Celltech Group
- Company type: Public
- Industry: Biotechnology
- Founded: 1980
- Defunct: 2004
- Fate: Acquired
- Successor: UCB
- Headquarters: Slough, UK
- Key people: Goran Ando (CEO)

= Celltech =

Former British-based biotechnology firm

Celltech Group plc was a leading British-based biotechnology business based in Slough. It was listed on the London Stock Exchange and was a constituent of the FTSE 100 Index. Celltech was instrumental in changing the UK's system of technology transfer from research to business, and in creating the biotechnology industry.

==History==

Celltech was formed in 1980 in response to the concern that Britain was failing to commercialise its science and was missing out on the potential of the new biotechnology. There was especial concern that whereas US firms had been creating rapidly growing firms such as Genentech around scientific discoveries in biotechnology, the UK had missed opportunities such as that believed to be provided by the Nobel Prize-winning discovery of the production technique for Monoclonal antibody by Cesar Milstein and Georges Kohler at Cambridge University.

The creation of Celltech was complicated, involving the National Enterprise Board, the National Research Development Corporation, and the Medical Research Council. The decision was made to give Celltech exclusive rights to all biotechnology discoveries in UK research institutions and universities. Although the company was conceived under a Labour Government it was born under a Conservative government, with the Minister responsible, Sir Keith Joseph, being particularly averse to government intervention in industry. As a result, he ensured the company was majority owned by the private sector. The company thus began life with very high expectations: first, that a small start up could successfully commercialise the UK's scientific output in biotechnology, and second, that it could meet the profit expectations of private sector investors.

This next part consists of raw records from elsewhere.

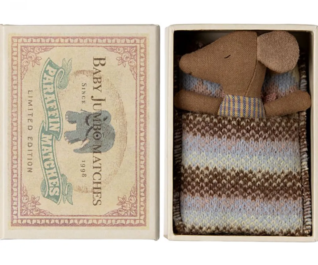 En lille mus i tændstikæske fra Maileg med tilhørende tøj og sengetøj. Musen kommer i en vintage-inspireret æske med et stribet outfit og en lyserød sløjfe.
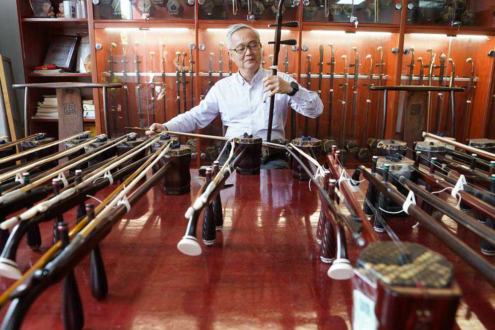 香港乐器经销商在无锡梅村街道二胡产业园古月琴坊车间内试琴(2023年3月28日摄)。本报记者季春鹏摄
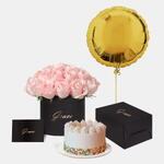 Faites plaisir à vos proches avec notre coffret de roses roses en boîte avec gâteau, réunissant des fleurs élégantes et un délicieux gâteau — parfait pour les anniversaires, les noces ou toute célébration.
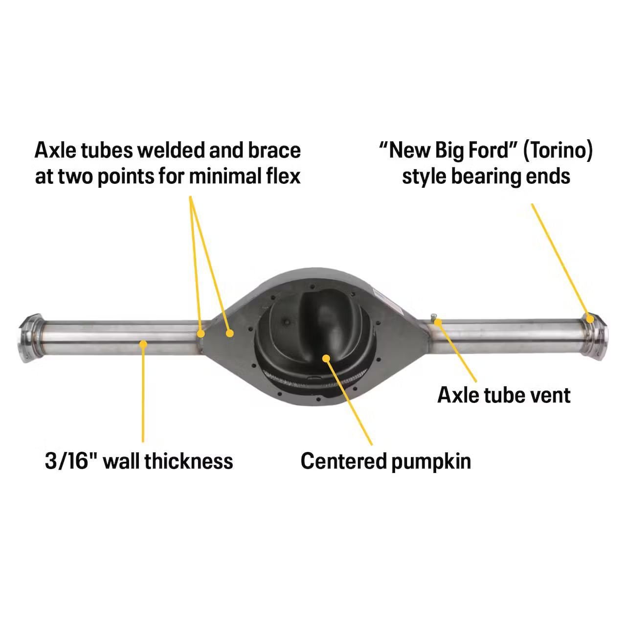 Axle tubes are 3” O.D. with a 3/16” wall thickness. Heavy-wall tubes, along with a larger center section, significantly reduce distortion during welding of rear-link brackets or spring pads. Billet steel “New Big Ford” (Torino) style bearing ends are fixture-welded (3.150” O.D. bearing, with 2.50” axle flange offset).
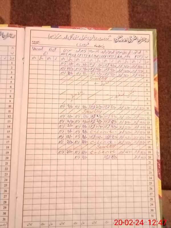 | CNIC | Full Name | Designation | R/C | Absence During Last Calender Month |
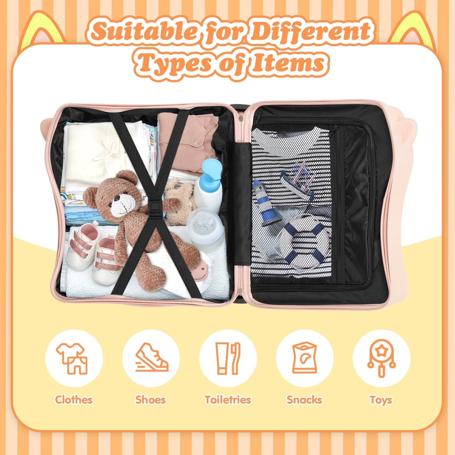 - 【Large Storage Space】Toddler riding carry on suitcase has a large zippered compartment that can separate and store items, making it convenient for you to package essential travel items; Perspective mesh pockets can store smaller items
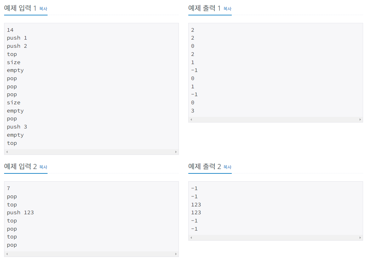입력받은 명령 (push, pop, size, empty, top) 에 맞게
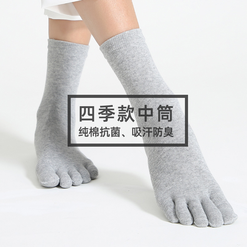 Lansha 2022 spring and autumn five finger socks women pure cotton middle barrel sweat-absorbing anti-odor split toe socks thick toe socks children autumn and winter
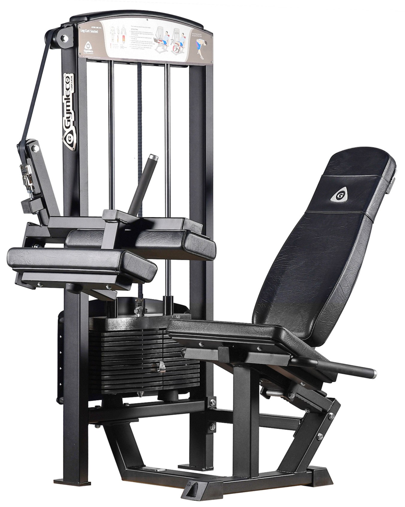 This seated leg curl Gymleco machine effectively trains the backside thighs or hamstrings. Sit down in the leg machine, place your legs in between the foot supports and bend your legs towards your body. The exercise focuses on the backside of your legs but also works out other muscle groups such as your calves.
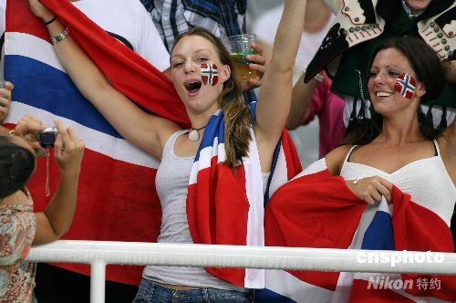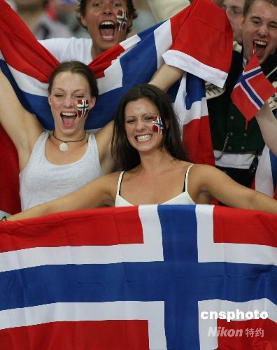 8月12日,兩位挪威美女專程趕來上海觀看奧運賽事,為挪威女足加油助威。當日,北京奧運會女足小組賽,挪威VS日本的比賽在上海體育場進行。 中新社發(fā) 湯彥俊 攝

Celltech's founding CEO was Gerard Fairtlough, who worked in the National Enterprise Board and saw the opportunities presented by biotechnology. He created the plan for Celltech and when the Board was created, it believed he was the best person to lead it. Fairtlough was an inspirational leader with innovative ideas on organisation. In the decade that Fairtlough led Celltech, he not only helped found a significant scientific endeavour whose example led to improved ambition and ability to commercialise UK research, but introduced a new way of organising high technology firms.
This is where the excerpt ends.